Our recipes are based on Monash University and FODMAP Friendly science.

  • Cabbage: Both Monash University and FODMAP Friendly have lab tested various cabbages and reported their low FODMAP serving sizes. According to Monash Green Cabbage is low FODMAP in amounts of 75 g (3/4 cup) and Red cabbage is low FODMAP in amounts of 75 g (3/4 cup). According to Monash Savoy cabbage is low FODMAP in amounts of 40 g (1/2 cup). According to FODMAP Friendly Savoy cabbage is low FODMAP in amounts of 75 g (1 cup). According to both Monash and FODMAP Friendly, Napa cabbage is low FODMAP in amounts of 75 g (1 cup).

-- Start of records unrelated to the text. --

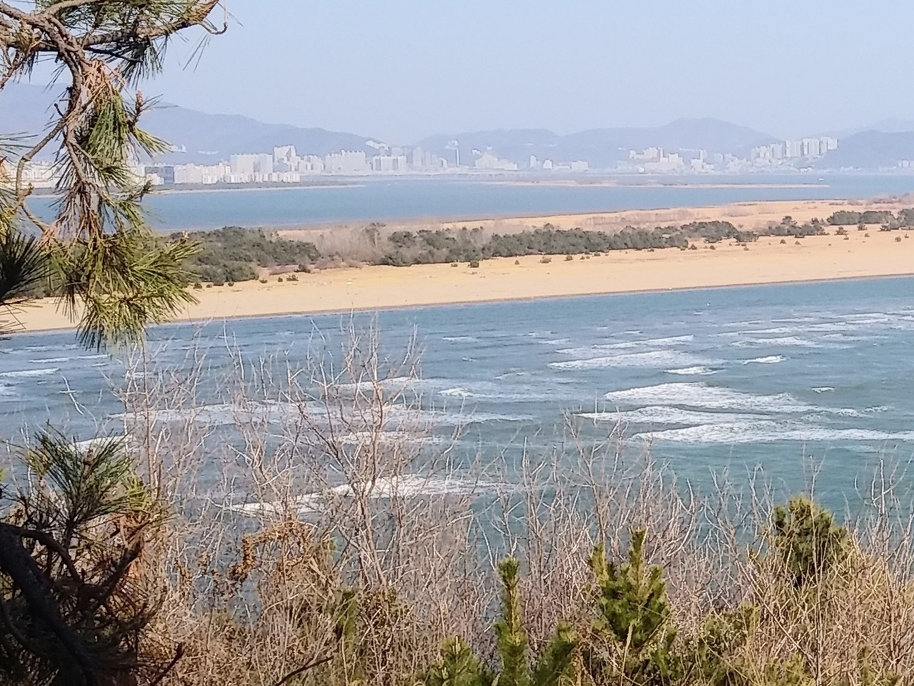 국수봉을 오르다가 뒤를 돌아본다. 진우도가 바로 건너편에 보인다. 진우도는 1905년경부터 (당시는 낙동강 주류였던) 서낙동강 하구에 토사가 퇴적되기 시작하여 1955년에는 지적등록까지 이루어진 섬이다. 국가지정문화재 낙동강 하구 철새 보호구역으로 지정되어 있다. 이 해안사구에 진우원이라는 고아원이 있었는데 1959년 추석 아침에 몰아친 사라호 태풍으로 큰 피해를 입고 철수하였다. 그 이름을 따서 진우도라 불린다.
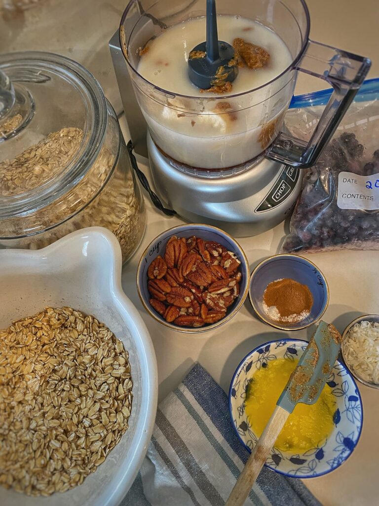 On weekends I love a hearty egg breakfast, but during the week I keep things more simple, with something that almost always includes oats.
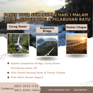 Dengan bergabung dalam Paket Tour Sukabumi 2 Hari 1 Malam (2H1M)- Situgunung dan Pelabuhan Ratu, Anda tidak hanya menghabiskan waktu untuk bersenang-senang, tetapi juga mengisi energi kembali lewat keindahan alam. Mulai dari jembatan gantung menawan, air terjun tersembunyi, hingga deretan pantai yang eksotis—semuanya terangkum dalam perjalanan singkat namun mengesankan.
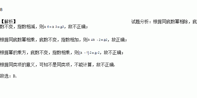 科目:初中数学 来源:苏科版七年级数学 下册 第8章 幂的运算 同步练习 题型:单选题
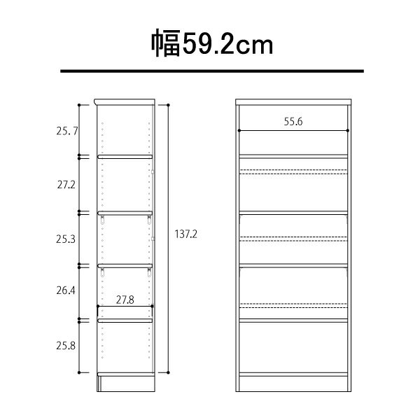 カラーナチュラル/ホワイト/ブラウン/ダークブラウン/ライトナチュラルサイズW59.2×D31.0×H149.9cm内 寸W55.6×D27.8cm(有効実寸)重 量16.9kg材 質プリント紙化粧繊維板塗 装ウレタン樹脂塗装特 長組立時間30〜60分/1人移動棚板2枚、可動固定棚2枚転倒防止補助バンド付 耐荷重左の耐荷重基準値表を参照
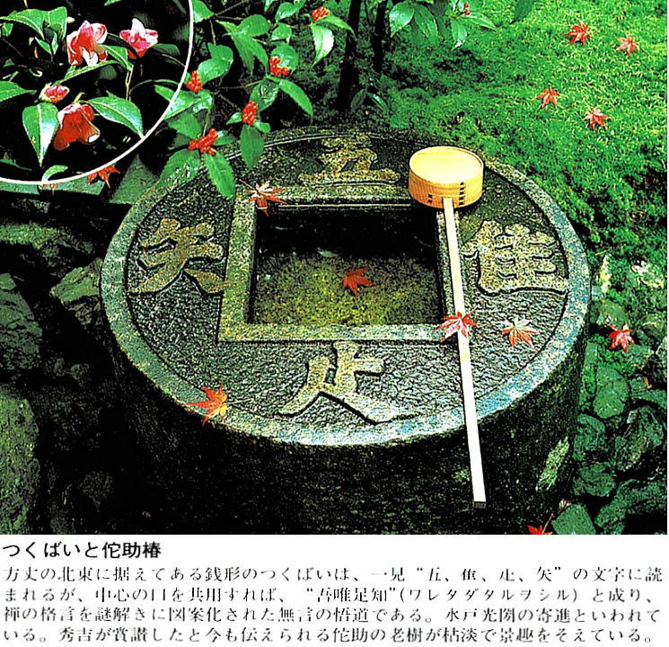 この庭は石の配置から「虎の子渡しの庭」や「七五三の庭」の別称がある。「虎の子渡し」とは、虎は、三匹の子供がいると、そのうち1匹 は必ずどう猛で、子虎だけで放っておくと、そのどう猛な子虎が他の子虎を食ってしまうという。そこで、母虎は三匹の虎を連れて大河を渡 る時は次のようにする。母虎はまず、どう猛な子虎を先に向こう岸に渡してから、いったん引き返す。次に、残った二匹のうち一匹を連れて 向こう岸に行くと、今度は、どう猛な子虎だけを連れて、ふたたび元の岸に戻る。その次に、三匹目の子虎を連れて向こう岸へ渡る。この時 点で元の岸にはどう猛な子1匹だけが残っているので、母虎は最後にこれを連れて向こう岸へ渡る、という中国の説話(虎、彪を引いて水を 渡る)に基づくものである。![]()
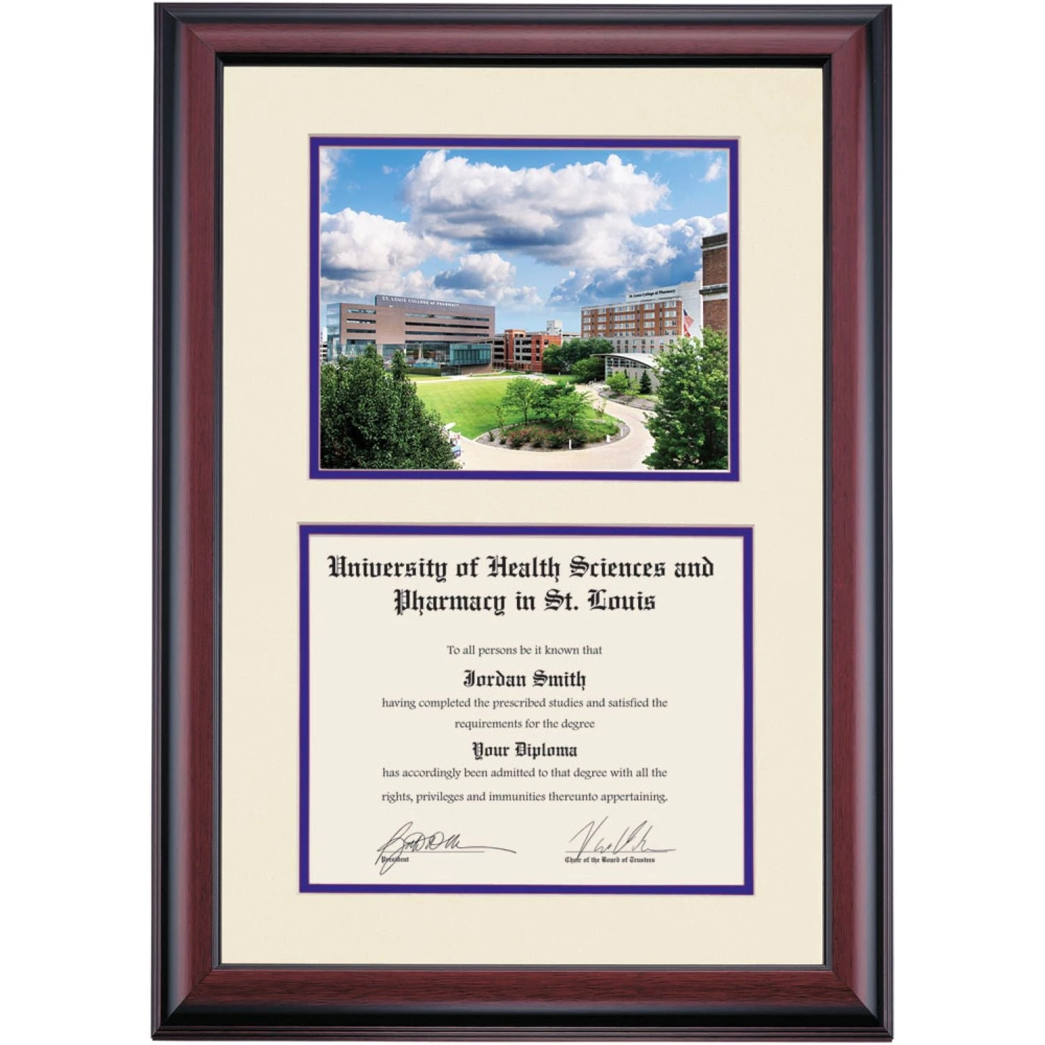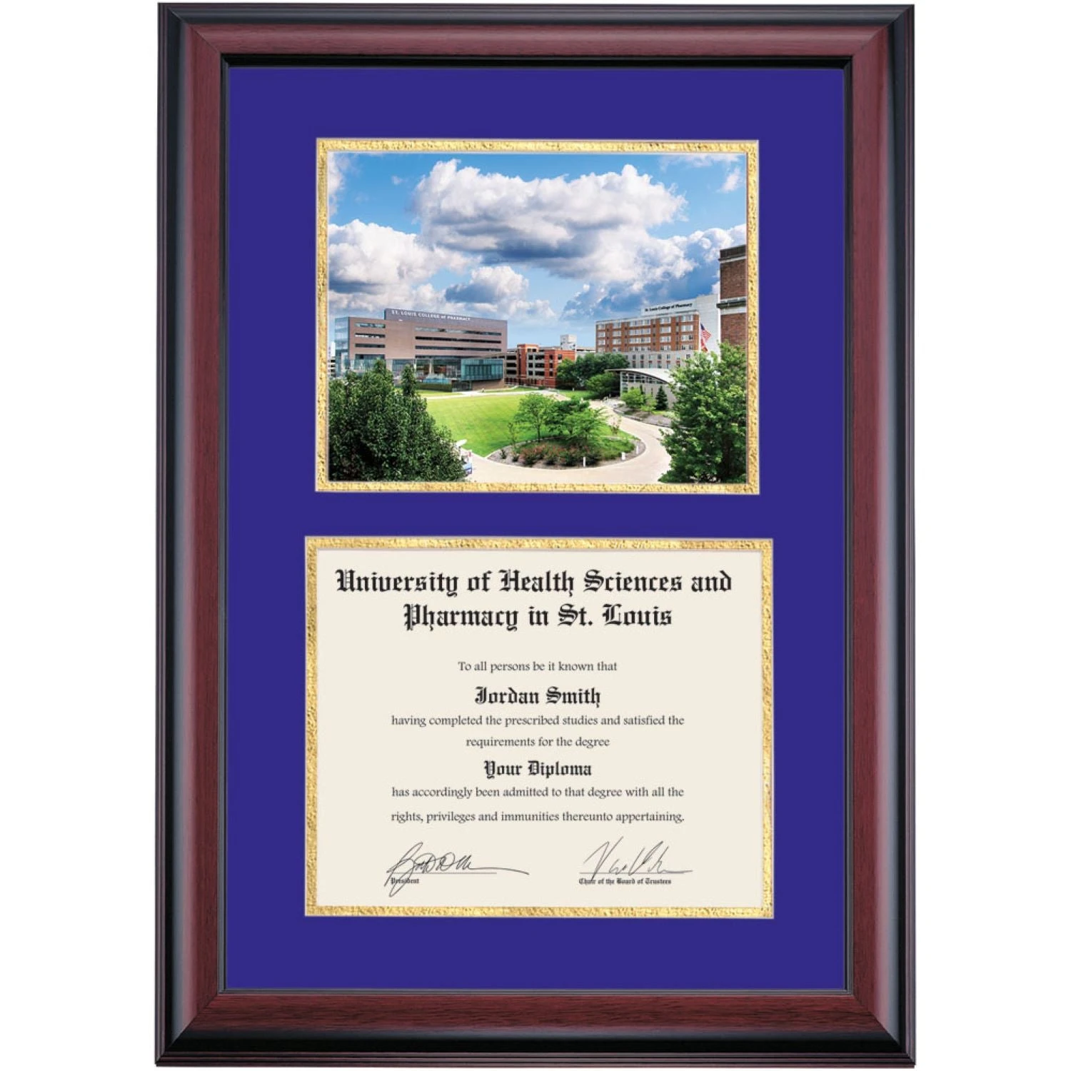 Celebrate your graduation in style with this handcrafted premier diploma frame which includes a Professional Photograph of the College Quad. Custom crafted to fit your University of Health Sciences and Pharmacy in St. Louis diploma, this frame features accent matting and high quality hardwood moulding.

  • Garlic-Infused Oil: Make your own Garlic-Infused Oil or buy a commercial equivalent for the easiest way to add garlic flavor to your food. Fructans in garlic are not oil-soluble, so garlic-infused oil is low FODMAP.

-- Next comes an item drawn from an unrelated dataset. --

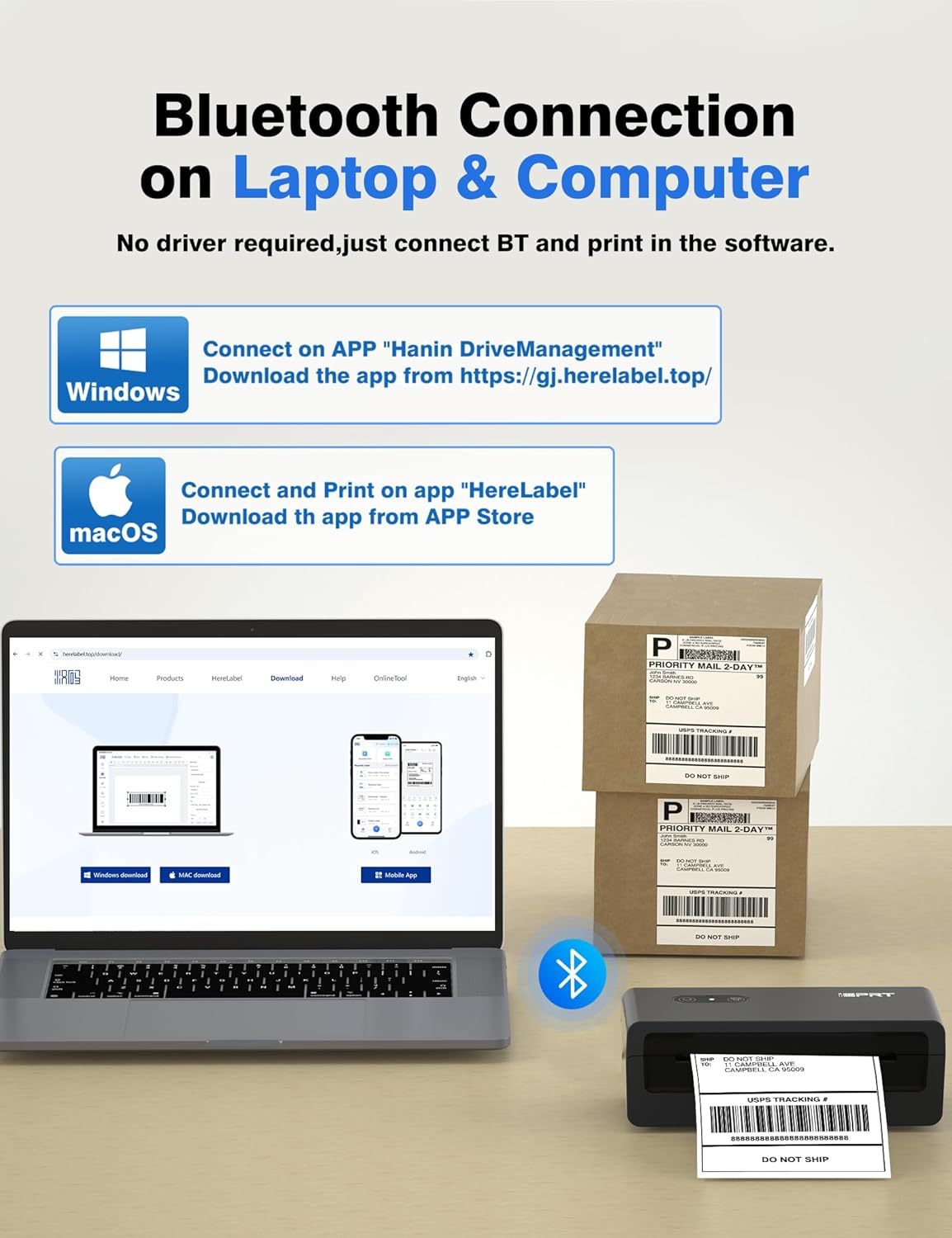 - Shipping Label Printer - Windows / macOS all support Bluetooth connecting via software "Hanin Drive Management" / "HereLabel". (Since we have updated it, please not install the driver from the USB drive). And laptops can also print via USB after install driver.

  • Lime Juice: Monash University has lab tested lime juice and it is low FODMAP in 1 cup (250 g) amounts (double that of lemon juice, as an interesting fact).
  • Scallions: The green parts of scallions are low FODMAP as determined by Monash University lab testing and can be used to add onion flavor to your low FODMAP cooking.

Please always refer to the Monash University & FODMAP Friendly smartphone apps for the most up-to-date lab tested information. As always, your tolerance is what counts; please eat accordingly. The ultimate goal of the low FODMAP diet is to eat as broadly as possible, without triggering symptoms, for the healthiest microbiome.

Nutrition Facts
Low FODMAP Shrimp Tacos
Amount Per Serving
Calories 417 Calories from Fat 279
% Daily Value*
Fat 31g48%
Saturated Fat 4g20%
Cholesterol 12mg4%
Sodium 212mg9%
Potassium 131mg4%
Carbohydrates 35g12%
Fiber 4g16%
Sugar 6g7%
Protein 4g8%
Vitamin A 36IU1%
Vitamin C 10mg12%
Calcium 53mg5%
Iron 1mg6%
* Percent Daily Values are based on a 2000 calorie diet.